* Exercise directions
Exactly as written and without the pictures, output the entries below.

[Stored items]

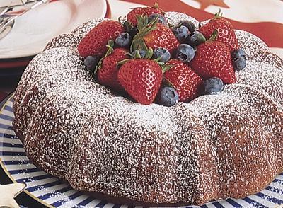 3 Bake 45 to 50 minutes or until wooden pick inserted comes out clean. Cool 10 minutes; remove from pan to wire rack. Cool completely. Place cake on serving plate. Sift powdered sugar on top and sides of cake. Serve with blueberries, strawberries and whipped cream , if desired. 12 to 16 servings.
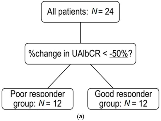 (a) Patients were divided into two groups based on whether or not the urinary albumin/creatinine ratio decreased less than 50%. The good responder group was defined as % change in urinary albumin/creatinine ratio <−50%; (b) Logistic analysis was conducted by the urinary angiotensinogen/creatinine ratio before the treatments. The receiver operating characteristic (ROC) curve was plotted. The vertical axis shows whether the urinary albumin/creatinine ratio decreased less than 50%; (c) Area under the curve (AUC): 0.694; cutoff value of urinary angiotensinogen/creatinine ratio: 13.9 µg/g Cr; maximum Youden index: 0.500 ((b,c) specificity: 11/12 = 91.7% and sensitivity: 07/12 = 58.3%).
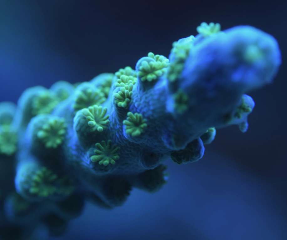 Det er en Stylopora pistilata. Den er noget anderledes farvet, end man normalt ser dem.
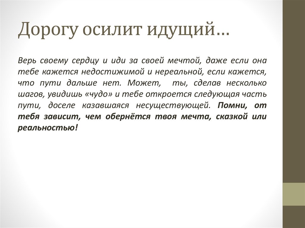 Дорогу осилит идущий…Верь своему сердцу и иди за своей мечтой, даже если она
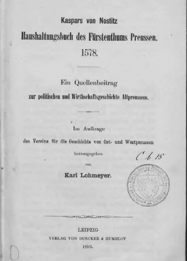 Kaspars von Nostitz Haushaltungsbuch des Fürstenthums Preussen. 1578

* Exercise answer
 3 Bake 45 to 50 minutes or until wooden pick inserted comes out clean. Cool 10 minutes; remove from pan to wire rack. Cool completely. Place cake on serving plate. Sift powdered sugar on top and sides of cake. Serve with blueberries, strawberries and whipped cream , if desired. 12 to 16 servings.
 (a) Patients were divided into two groups based on whether or not the urinary albumin/creatinine ratio decreased less than 50%. The good responder group was defined as % change in urinary albumin/creatinine ratio <−50%; (b) Logistic analysis was conducted by the urinary angiotensinogen/creatinine ratio before the treatments. The receiver operating characteristic (ROC) curve was plotted. The vertical axis shows whether the urinary albumin/creatinine ratio decreased less than 50%; (c) Area under the curve (AUC): 0.694; cutoff value of urinary angiotensinogen/creatinine ratio: 13.9 µg/g Cr; maximum Youden index: 0.500 ((b,c) specificity: 11/12 = 91.7% and sensitivity: 07/12 = 58.3%).
 Det er en Stylopora pistilata. Den er noget anderledes farvet, end man normalt ser dem.
 Дорогу осилит идущий…Верь своему сердцу и иди за своей мечтой, даже если она
 Kaspars von Nostitz Haushaltungsbuch des Fürstenthums Preussen. 1578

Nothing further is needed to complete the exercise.